Betsey Walsh
Professor Santos
ENGL 102_037
02 March 2018
Blog Post #6
This week in class, we were asked to finish reading the book “Eating the Landscape,” by Enrique Salmón. The last chapter of the book, “The Whole Enchilada,” the author talks about how he is “a member of a small group of fortunate scholars, writers, activists, meditation instructors, and nonprofit leaders that comprises the faculty for the Center for Whole Communities.” The faculty was debating whether or not to change the name of the center, and a woman named Helen “suggested the phrase ‘whole enchilada’ as a way to tell what the Center is all about; it’s about including everything in how we approach environmental justice, social justice, ecological protection, economic concerns, and all the rest of the human and natural world issues that are being attacked, threatened, and oppressed” (155 Salmón).
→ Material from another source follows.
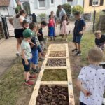 Als Überraschung haben die Eltern und Kinder tolle Geschenke überreicht. Es gab einen selbstgefertigten Barfußweg, eine selbstgebaute „Saftbar“ und von den Kindern verzierte Gummistiefel, die als Blumentöpfe für Minze und allerlei anderer Kräutern dienen.

In the beginning of the chapter, he talks about his Rarámuri heritage and how they work together in a process called iwígara, which is the interconnectedness and cycling of all there is. “If one aspect of the lasso is removed, the integrity of the circle is threatened, and all other aspects are weakened. In iwígara, all is bound, connected, and affected by a sharing breath.” While reading, I came across the author talking about David Abram and how he “simplified a description of the phenomenon when he wrote in The Spell of the Sensuous that ‘we are human only in contact, and conviviality, with what is not human’” (157 Salmón). I thought this was interesting because today, we as people seem to be having less and less contact with other humans. With social media and technology, it is so much quicker and easier to just send someone a text or a snap, or even call them. This way, people will not have to talk to someone face to face. This can also relate to food and agriculture. For example, the Rarámuri, they make sure that they take care of the crops and protect them like they are their own child. With just an average person, they usually do not care where the food came from or what it took to get the food. They only care about how long it will take for the food to get to them and what they are going to make using that crop.